→ Exercise requirements
Beginning at the line containing "반대로 표지판과 상황 판단 문제는 반드시 맞혀야 합니다." in the material below and ending at the line containing "Лампа светодиодная ФОТОН", return each line exactly and add nothing.

→ Input material
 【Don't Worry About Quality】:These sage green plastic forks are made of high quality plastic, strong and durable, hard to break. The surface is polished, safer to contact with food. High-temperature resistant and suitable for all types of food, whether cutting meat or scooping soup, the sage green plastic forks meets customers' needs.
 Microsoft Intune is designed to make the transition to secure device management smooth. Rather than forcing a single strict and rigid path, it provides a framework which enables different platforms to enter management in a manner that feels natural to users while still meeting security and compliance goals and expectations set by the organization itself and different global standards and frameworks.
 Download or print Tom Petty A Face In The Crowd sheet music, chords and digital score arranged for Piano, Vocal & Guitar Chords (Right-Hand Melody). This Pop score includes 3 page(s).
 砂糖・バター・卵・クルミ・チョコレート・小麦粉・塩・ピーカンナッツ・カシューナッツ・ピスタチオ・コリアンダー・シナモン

---

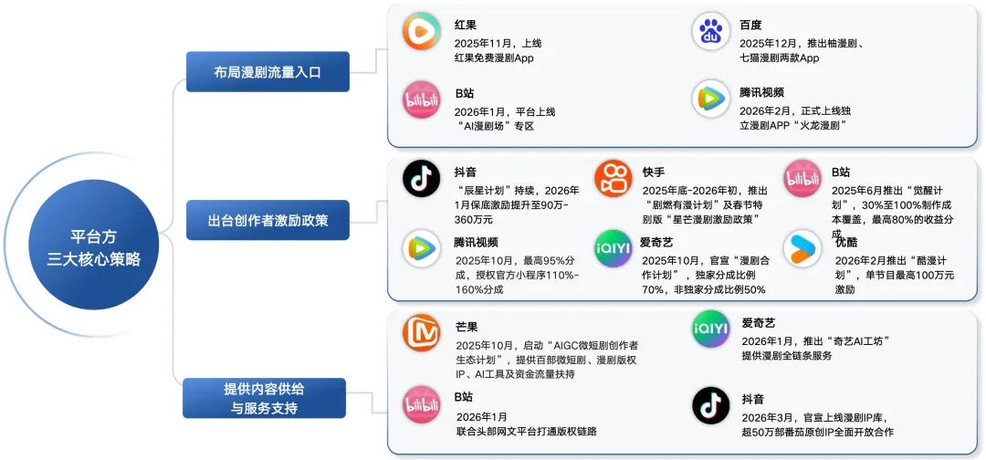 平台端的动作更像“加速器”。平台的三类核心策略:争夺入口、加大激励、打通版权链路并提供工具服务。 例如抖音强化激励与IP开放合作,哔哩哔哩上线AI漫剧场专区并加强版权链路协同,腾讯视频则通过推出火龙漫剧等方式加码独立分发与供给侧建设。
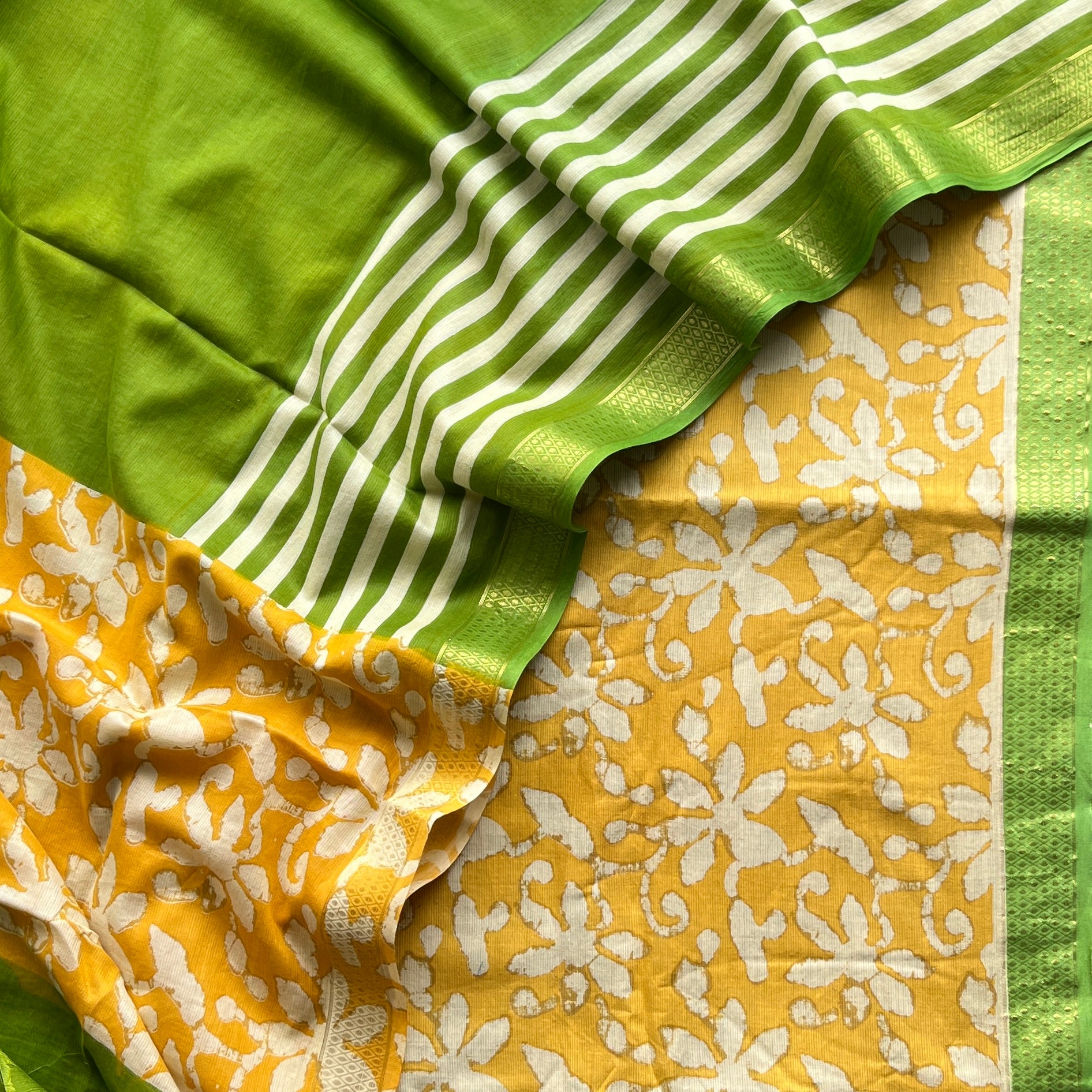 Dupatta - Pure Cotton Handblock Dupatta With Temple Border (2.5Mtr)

* * *

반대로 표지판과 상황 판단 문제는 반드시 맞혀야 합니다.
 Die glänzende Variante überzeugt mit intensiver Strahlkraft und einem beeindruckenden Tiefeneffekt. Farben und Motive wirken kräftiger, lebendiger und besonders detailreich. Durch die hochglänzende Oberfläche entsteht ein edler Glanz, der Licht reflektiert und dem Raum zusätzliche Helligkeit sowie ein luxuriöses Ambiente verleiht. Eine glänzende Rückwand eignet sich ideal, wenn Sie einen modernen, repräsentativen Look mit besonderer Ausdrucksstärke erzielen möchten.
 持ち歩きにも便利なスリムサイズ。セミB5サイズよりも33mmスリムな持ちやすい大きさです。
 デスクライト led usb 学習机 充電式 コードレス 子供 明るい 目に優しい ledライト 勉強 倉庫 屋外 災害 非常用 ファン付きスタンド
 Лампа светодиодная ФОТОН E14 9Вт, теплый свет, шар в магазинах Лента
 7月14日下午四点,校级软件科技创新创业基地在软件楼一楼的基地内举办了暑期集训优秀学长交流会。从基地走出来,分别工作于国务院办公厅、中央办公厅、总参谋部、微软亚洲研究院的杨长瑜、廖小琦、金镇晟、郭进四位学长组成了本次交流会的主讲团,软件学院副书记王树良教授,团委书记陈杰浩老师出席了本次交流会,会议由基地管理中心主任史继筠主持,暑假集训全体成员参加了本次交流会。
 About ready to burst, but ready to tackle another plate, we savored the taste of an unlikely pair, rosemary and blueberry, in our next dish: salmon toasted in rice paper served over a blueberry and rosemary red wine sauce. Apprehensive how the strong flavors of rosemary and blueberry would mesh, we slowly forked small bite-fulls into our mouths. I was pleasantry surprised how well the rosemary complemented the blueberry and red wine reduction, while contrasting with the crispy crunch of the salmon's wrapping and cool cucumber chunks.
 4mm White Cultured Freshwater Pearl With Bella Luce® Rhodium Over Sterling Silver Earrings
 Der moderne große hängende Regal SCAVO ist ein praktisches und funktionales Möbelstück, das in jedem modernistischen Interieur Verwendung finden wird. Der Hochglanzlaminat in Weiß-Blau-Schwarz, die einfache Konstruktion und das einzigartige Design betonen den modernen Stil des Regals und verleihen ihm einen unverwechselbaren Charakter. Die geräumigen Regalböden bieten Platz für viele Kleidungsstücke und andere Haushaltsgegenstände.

→ Result of this task
반대로 표지판과 상황 판단 문제는 반드시 맞혀야 합니다.
 Die glänzende Variante überzeugt mit intensiver Strahlkraft und einem beeindruckenden Tiefeneffekt. Farben und Motive wirken kräftiger, lebendiger und besonders detailreich. Durch die hochglänzende Oberfläche entsteht ein edler Glanz, der Licht reflektiert und dem Raum zusätzliche Helligkeit sowie ein luxuriöses Ambiente verleiht. Eine glänzende Rückwand eignet sich ideal, wenn Sie einen modernen, repräsentativen Look mit besonderer Ausdrucksstärke erzielen möchten.
 持ち歩きにも便利なスリムサイズ。セミB5サイズよりも33mmスリムな持ちやすい大きさです。
 デスクライト led usb 学習机 充電式 コードレス 子供 明るい 目に優しい ledライト 勉強 倉庫 屋外 災害 非常用 ファン付きスタンド
 Лампа светодиодная ФОТОН E14 9Вт, теплый свет, шар в магазинах Лента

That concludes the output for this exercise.